Scraping Google with rvest (2022 layout update)-CodePudding

A few weeks ago people in this site helped me with a code to get links, titles, and text from a google search using rvest. Now, I am trying to use the same code as provided in:

How to retrieve hyperlinks in google search using rvest

How to retrieve text below titles from google search using rvest

And is not working, giving next results:

library(rvest)
library(tidyverse)

#Part 1

url <- 'https://www.google.com/search?q=Mario Torres Mexico'

title <- "//div/div/div/a/h3"
text  <- paste0(title, "/parent::a/parent::div/following-sibling::div")

first_page <- read_html(url)

tibble(title = first_page %>% html_nodes(xpath = title) %>% html_text(),
       text = first_page %>% html_nodes(xpath = text) %>% html_text())

Result:

# A tibble: 0 x 2
# ... with 2 variables: title <chr>, text <chr>

And second part:

#Part 2
titles <- html_nodes(first_page, xpath = "//div/div/a/h3")

titles %>%
  html_elements(xpath = "./parent::a") %>%
  html_attr("href") %>%
  str_extract("https.*?(?=&)")

Result:

character(0)

But in the past few weeks ago, this worked.
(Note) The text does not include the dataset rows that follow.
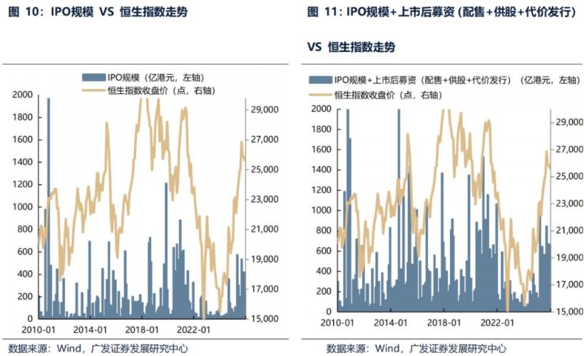 IPO規(guī)模高峰、募資高峰(算入上市后募資,即配售+供股+代價(jià)發(fā)行)并不會(huì)扭轉(zhuǎn)港股的趨勢(shì)。典型的例如2010年、2014-2015年、2017年、2020年、2025年港股的募資高峰都未影響港股的牛市,背后可能是由于港股市場(chǎng)出現(xiàn)明顯好轉(zhuǎn),部分企業(yè)有擴(kuò)張需求,選擇相對(duì)高點(diǎn)在資本市場(chǎng)募資。
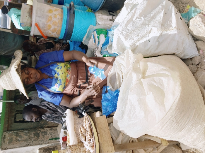 The image depicts an outdoor market stall scene in Gweru, Zimbabwe. An adult female, positioned centrally, wears a wide-brimmed straw hat, a blue short-sleeved top over a floral pattern, and a brown apron. She is observed holding a crumpled blue plastic bag, with her gaze directed towards her hands, indicating an action involving preparation or packaging of goods. To her left, on a low wooden table, rests a light-colored tray displaying loose white nuts and elongated conical snacks, alongside a yellow-capped bottle. To her right, a stack of blue and clear plastic buckets contains various bulk items, with the uppermost clear container holding yellow-orange objects. The immediate foreground features two large, white woven bags, filled with bulk contents, resting on uneven, rocky ground. In the background, behind the central figure, a bearded adult male in a striped shirt is visible looking left, along with at least two other individuals partially obscured. The background includes a weathered wall with patches of faded green and blue paint. The scene is illuminated by daylight.
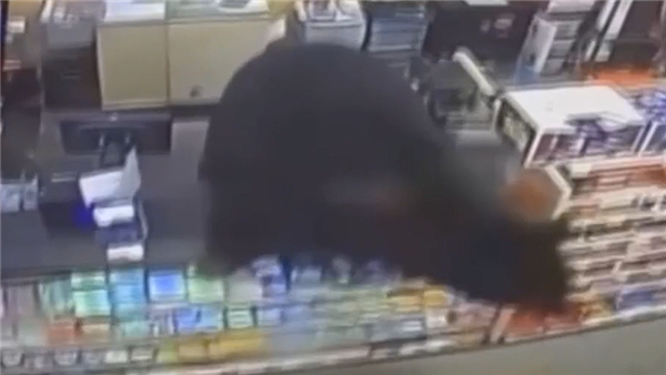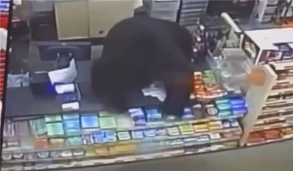 科尔跑到收银台寻求店员帮助,两人在店内来回奔跑,黑熊竟然跳上收银台,试图接近男孩,惊悚的画面被店内监控全程记录。

Is it possible to fix this issue?

CodePudding user response：

It looks like Google decided to change their HTML layout, perhaps there were too many of us scrapers.

Here you go:

library(rvest)
library(tidyverse)

#Part 1

url <- 'https://www.google.com/search?q=Mario Torres Mexico'

title <- "//div/div/div/a/div/div/h3/div"
text  <- paste0(title, "/parent::h3/parent::div/parent::div/parent::a/parent::div/following-sibling::div/div[1]/div[1]/div[1]/div[1]/div[1]")

first_page <- read_html(url)

tibble(title = first_page %>% html_nodes(xpath = title) %>% html_text(),
       text = first_page %>% html_nodes(xpath = text) %>% html_text())

And part 2:

titles <- html_nodes(first_page, xpath = "//div/div/div/a/div/div/h3/div")

titles %>%
  html_elements(xpath = "./parent::h3/parent::div/parent::div/parent::a") %>%
  html_attr("href") %>%
  str_extract("https.*?(?=&)")